> [Task brief] Would you output all the data exactly as it stands?

> [Listed records]
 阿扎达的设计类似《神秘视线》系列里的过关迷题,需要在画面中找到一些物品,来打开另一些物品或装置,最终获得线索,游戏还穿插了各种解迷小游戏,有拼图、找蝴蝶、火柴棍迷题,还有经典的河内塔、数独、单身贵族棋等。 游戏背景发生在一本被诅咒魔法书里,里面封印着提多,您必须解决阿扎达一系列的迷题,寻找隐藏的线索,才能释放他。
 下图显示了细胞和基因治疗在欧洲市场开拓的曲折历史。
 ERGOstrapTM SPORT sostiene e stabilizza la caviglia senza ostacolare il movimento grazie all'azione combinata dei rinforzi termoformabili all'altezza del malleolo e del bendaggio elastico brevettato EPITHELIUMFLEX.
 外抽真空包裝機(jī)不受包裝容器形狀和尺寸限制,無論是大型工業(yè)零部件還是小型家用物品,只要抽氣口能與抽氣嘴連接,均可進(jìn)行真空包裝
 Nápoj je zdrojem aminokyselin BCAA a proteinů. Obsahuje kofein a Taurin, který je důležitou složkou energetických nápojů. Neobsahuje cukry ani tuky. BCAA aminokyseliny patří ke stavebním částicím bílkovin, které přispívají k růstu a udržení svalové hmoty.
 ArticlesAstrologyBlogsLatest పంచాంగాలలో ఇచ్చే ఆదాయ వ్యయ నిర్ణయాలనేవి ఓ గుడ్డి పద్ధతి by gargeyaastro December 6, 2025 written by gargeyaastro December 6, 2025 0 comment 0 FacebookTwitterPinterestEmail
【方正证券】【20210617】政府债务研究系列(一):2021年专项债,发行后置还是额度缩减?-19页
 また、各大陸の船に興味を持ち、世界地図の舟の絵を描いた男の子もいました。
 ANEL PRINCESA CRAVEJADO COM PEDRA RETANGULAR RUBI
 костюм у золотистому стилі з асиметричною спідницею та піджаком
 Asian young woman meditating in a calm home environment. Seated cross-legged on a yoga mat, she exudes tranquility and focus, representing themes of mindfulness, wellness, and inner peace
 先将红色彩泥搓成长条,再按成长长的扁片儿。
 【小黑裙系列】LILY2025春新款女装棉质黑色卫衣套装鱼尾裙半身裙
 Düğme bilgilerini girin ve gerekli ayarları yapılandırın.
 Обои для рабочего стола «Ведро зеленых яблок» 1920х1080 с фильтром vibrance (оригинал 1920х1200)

> [Exercise output]
 阿扎达的设计类似《神秘视线》系列里的过关迷题,需要在画面中找到一些物品,来打开另一些物品或装置,最终获得线索,游戏还穿插了各种解迷小游戏,有拼图、找蝴蝶、火柴棍迷题,还有经典的河内塔、数独、单身贵族棋等。 游戏背景发生在一本被诅咒魔法书里,里面封印着提多,您必须解决阿扎达一系列的迷题,寻找隐藏的线索,才能释放他。
 下图显示了细胞和基因治疗在欧洲市场开拓的曲折历史。
 ERGOstrapTM SPORT sostiene e stabilizza la caviglia senza ostacolare il movimento grazie all'azione combinata dei rinforzi termoformabili all'altezza del malleolo e del bendaggio elastico brevettato EPITHELIUMFLEX.
 外抽真空包裝機(jī)不受包裝容器形狀和尺寸限制,無論是大型工業(yè)零部件還是小型家用物品,只要抽氣口能與抽氣嘴連接,均可進(jìn)行真空包裝
 Nápoj je zdrojem aminokyselin BCAA a proteinů. Obsahuje kofein a Taurin, který je důležitou složkou energetických nápojů. Neobsahuje cukry ani tuky. BCAA aminokyseliny patří ke stavebním částicím bílkovin, které přispívají k růstu a udržení svalové hmoty.
 ArticlesAstrologyBlogsLatest పంచాంగాలలో ఇచ్చే ఆదాయ వ్యయ నిర్ణయాలనేవి ఓ గుడ్డి పద్ధతి by gargeyaastro December 6, 2025 written by gargeyaastro December 6, 2025 0 comment 0 FacebookTwitterPinterestEmail
【方正证券】【20210617】政府债务研究系列(一):2021年专项债,发行后置还是额度缩减?-19页
 また、各大陸の船に興味を持ち、世界地図の舟の絵を描いた男の子もいました。
 ANEL PRINCESA CRAVEJADO COM PEDRA RETANGULAR RUBI
 костюм у золотистому стилі з асиметричною спідницею та піджаком
 Asian young woman meditating in a calm home environment. Seated cross-legged on a yoga mat, she exudes tranquility and focus, representing themes of mindfulness, wellness, and inner peace
 先将红色彩泥搓成长条,再按成长长的扁片儿。
 【小黑裙系列】LILY2025春新款女装棉质黑色卫衣套装鱼尾裙半身裙
 Düğme bilgilerini girin ve gerekli ayarları yapılandırın.
 Обои для рабочего стола «Ведро зеленых яблок» 1920х1080 с фильтром vibrance (оригинал 1920х1200)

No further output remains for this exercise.